+++ EXERCISE MATERIAL +++

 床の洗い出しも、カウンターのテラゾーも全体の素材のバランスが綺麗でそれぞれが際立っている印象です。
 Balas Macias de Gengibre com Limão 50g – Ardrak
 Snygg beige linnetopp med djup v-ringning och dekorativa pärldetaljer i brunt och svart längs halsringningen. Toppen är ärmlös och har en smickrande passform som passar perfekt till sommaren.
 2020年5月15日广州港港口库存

+++
+++ EXERCISE MATERIAL +++

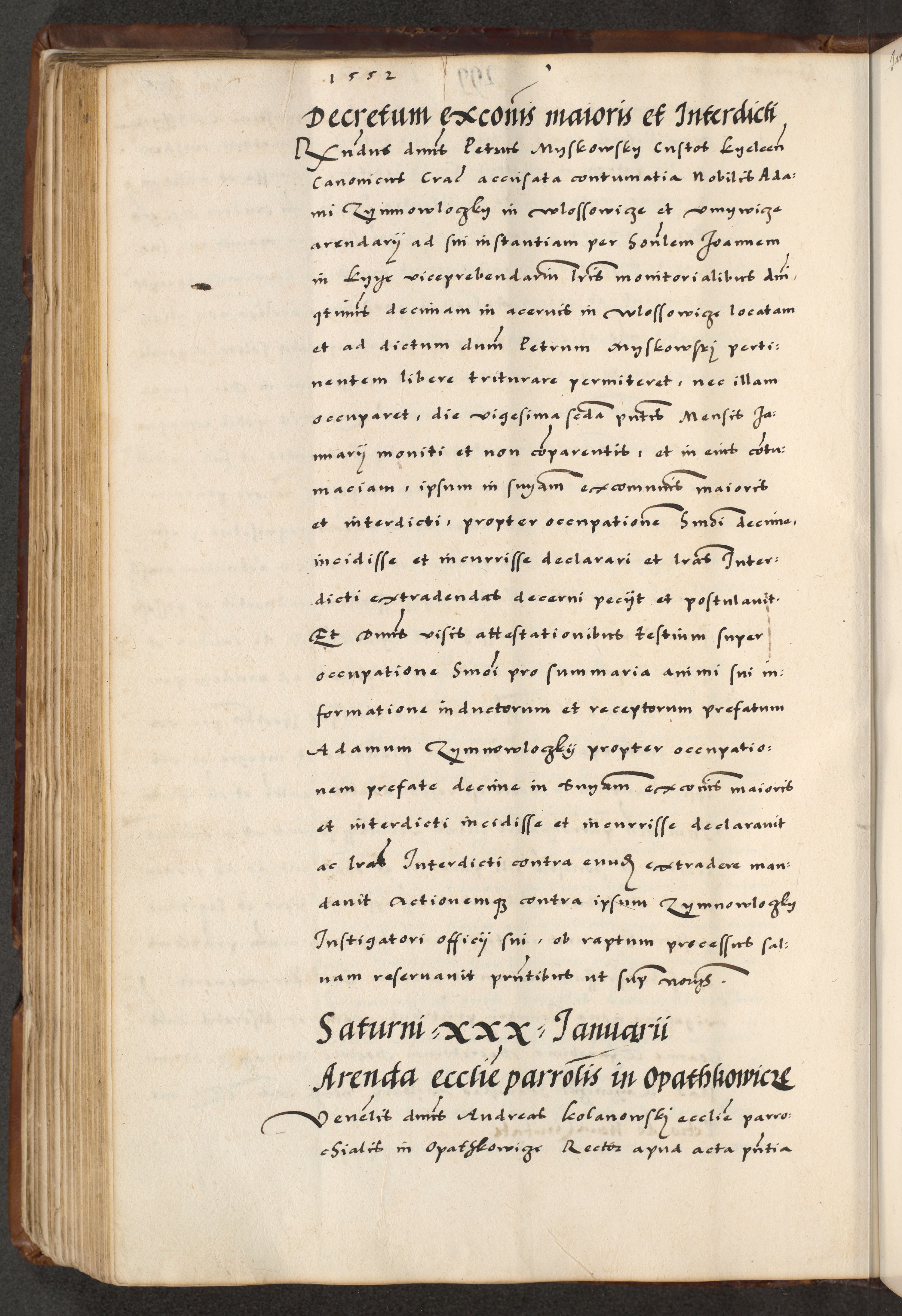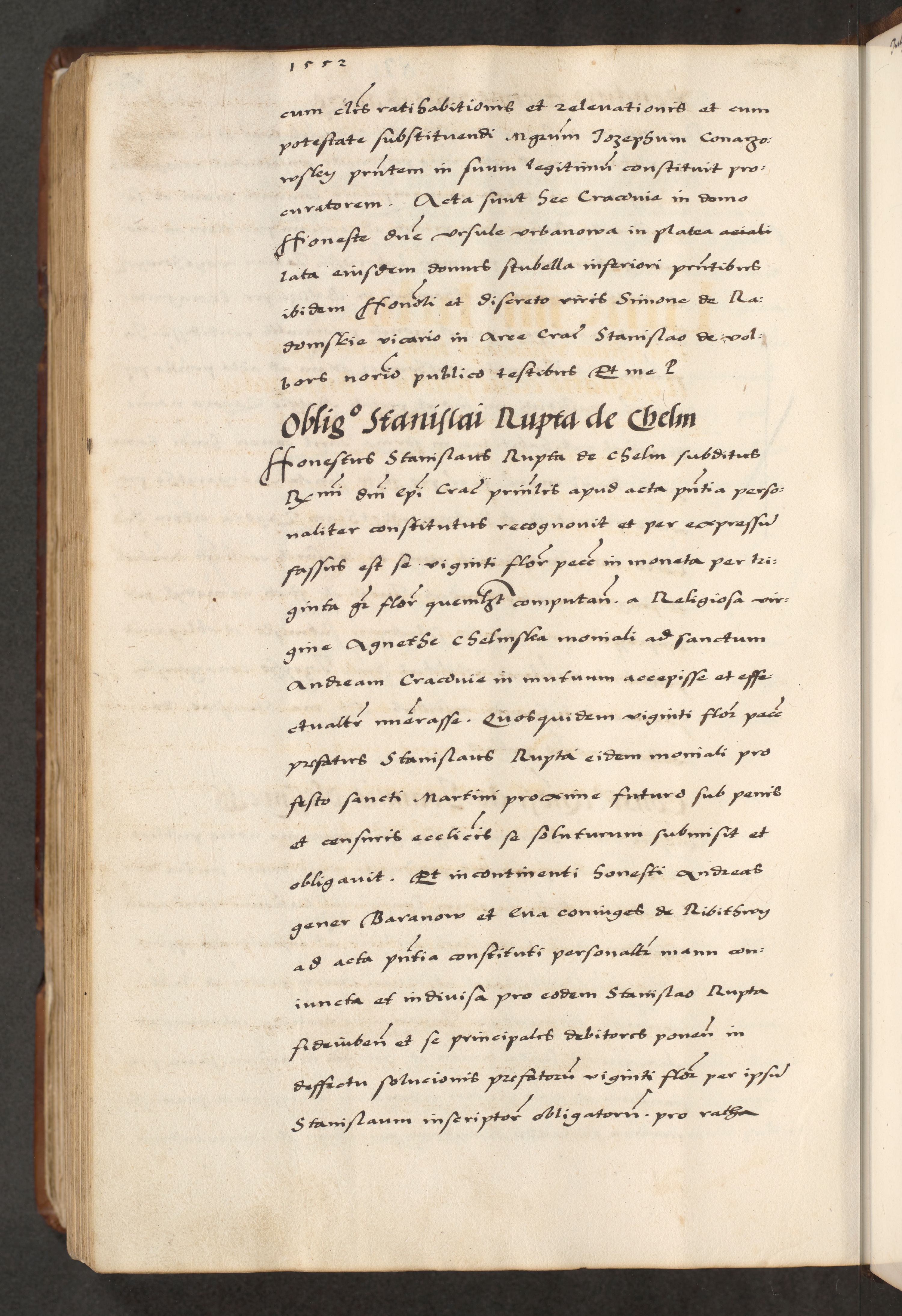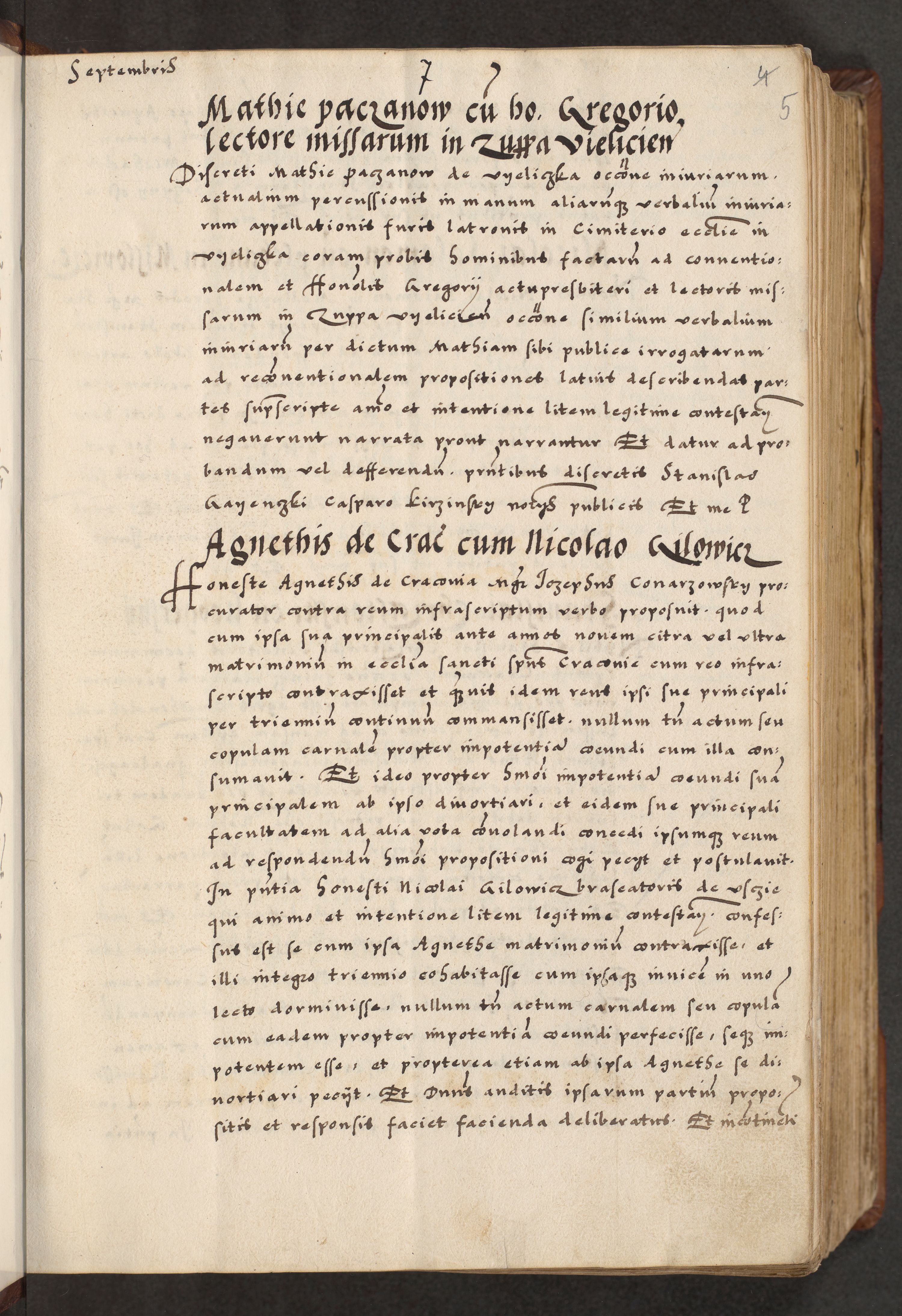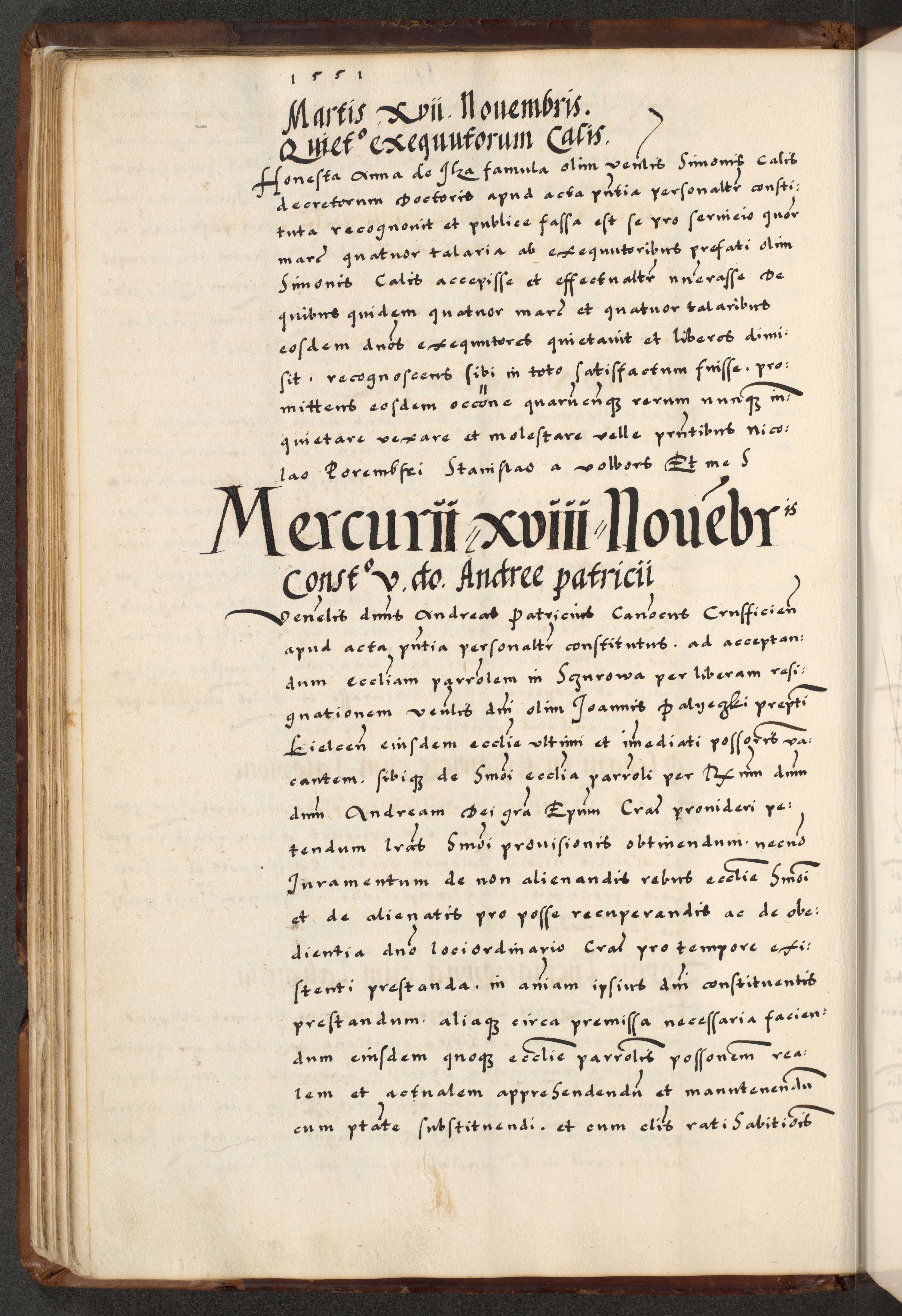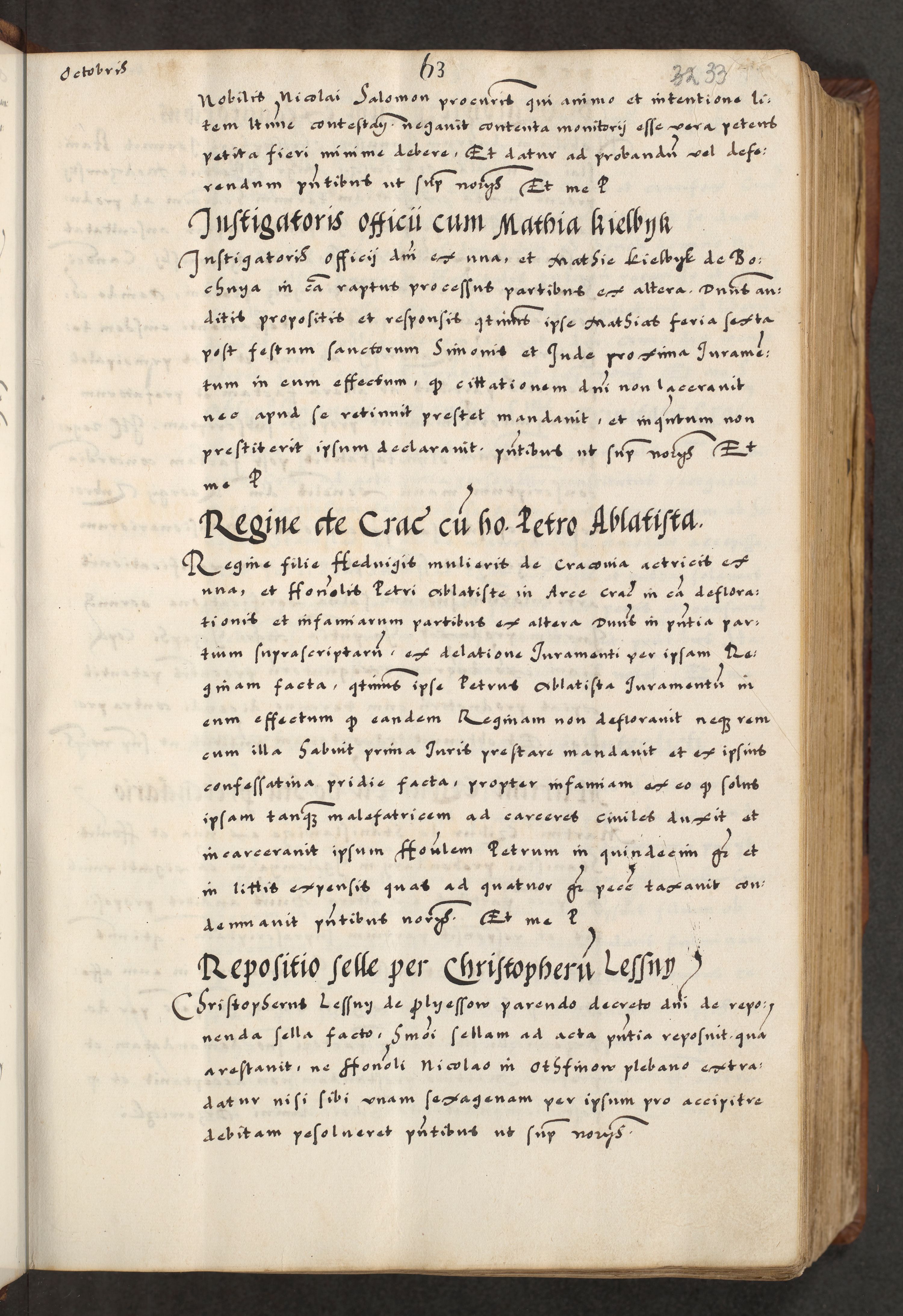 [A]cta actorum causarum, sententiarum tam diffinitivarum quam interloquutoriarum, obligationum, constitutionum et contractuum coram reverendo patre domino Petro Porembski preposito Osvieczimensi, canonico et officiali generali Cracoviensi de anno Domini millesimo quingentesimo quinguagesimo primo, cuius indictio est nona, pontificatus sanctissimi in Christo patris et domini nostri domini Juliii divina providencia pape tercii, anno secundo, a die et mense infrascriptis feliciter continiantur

+++
+++ EXERCISE MATERIAL +++

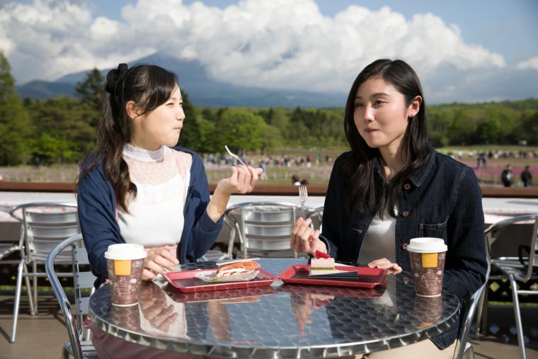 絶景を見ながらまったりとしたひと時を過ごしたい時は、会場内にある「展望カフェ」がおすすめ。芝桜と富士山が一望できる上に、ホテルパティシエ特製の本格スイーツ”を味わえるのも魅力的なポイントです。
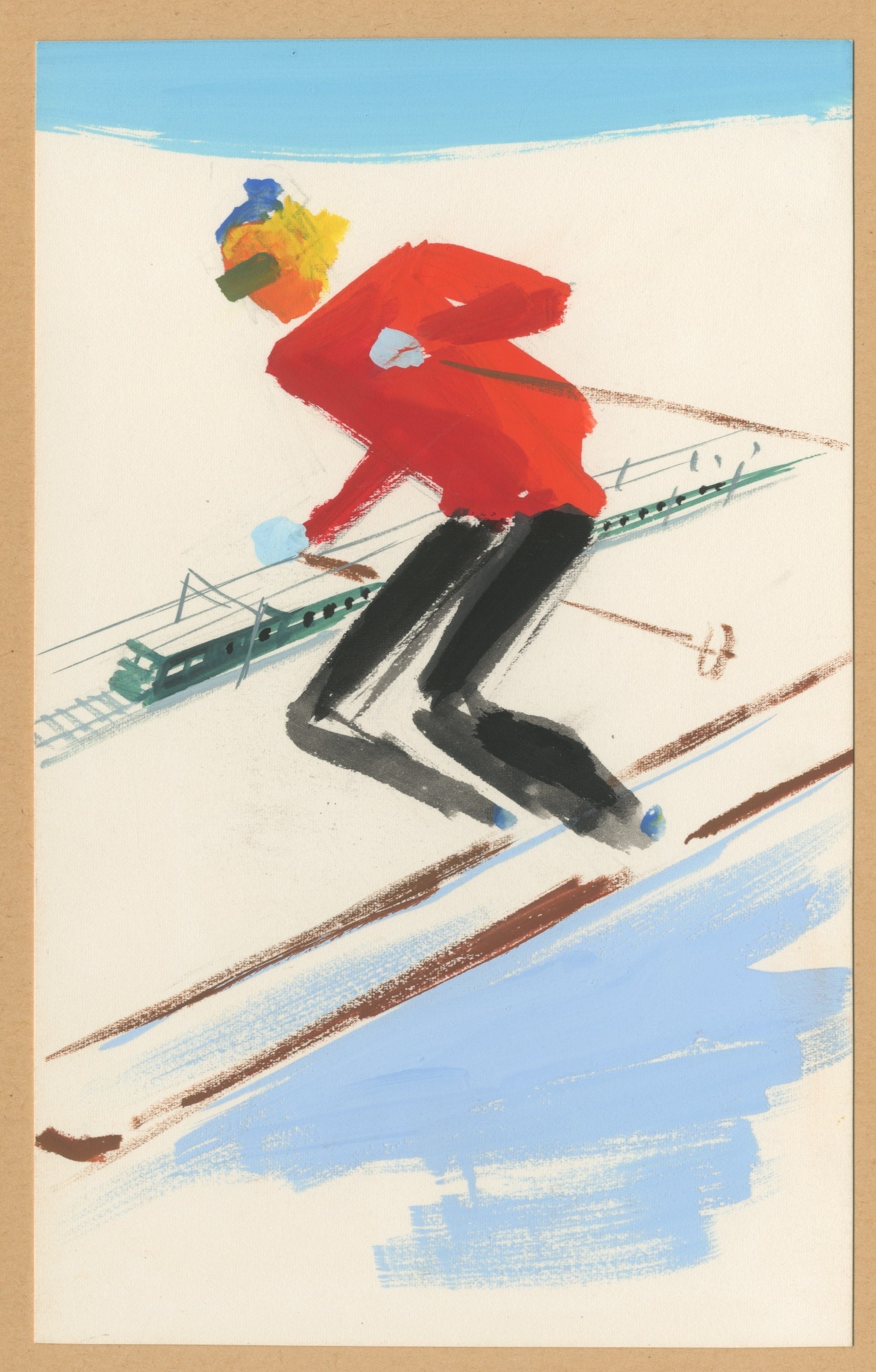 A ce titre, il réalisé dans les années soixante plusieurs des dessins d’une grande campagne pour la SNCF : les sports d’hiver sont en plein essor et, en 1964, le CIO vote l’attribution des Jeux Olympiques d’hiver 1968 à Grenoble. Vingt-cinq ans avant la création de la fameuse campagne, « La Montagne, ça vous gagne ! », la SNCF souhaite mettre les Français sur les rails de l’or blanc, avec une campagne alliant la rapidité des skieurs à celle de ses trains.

+++

Considering only the material above, set down every line from the one with "床の洗い出しも、カウンターの" to the one with "Balas Macias de", inclusive, exactly as written.

FINISHED EXERCISE
 床の洗い出しも、カウンターのテラゾーも全体の素材のバランスが綺麗でそれぞれが際立っている印象です。
 Balas Macias de Gengibre com Limão 50g – Ardrak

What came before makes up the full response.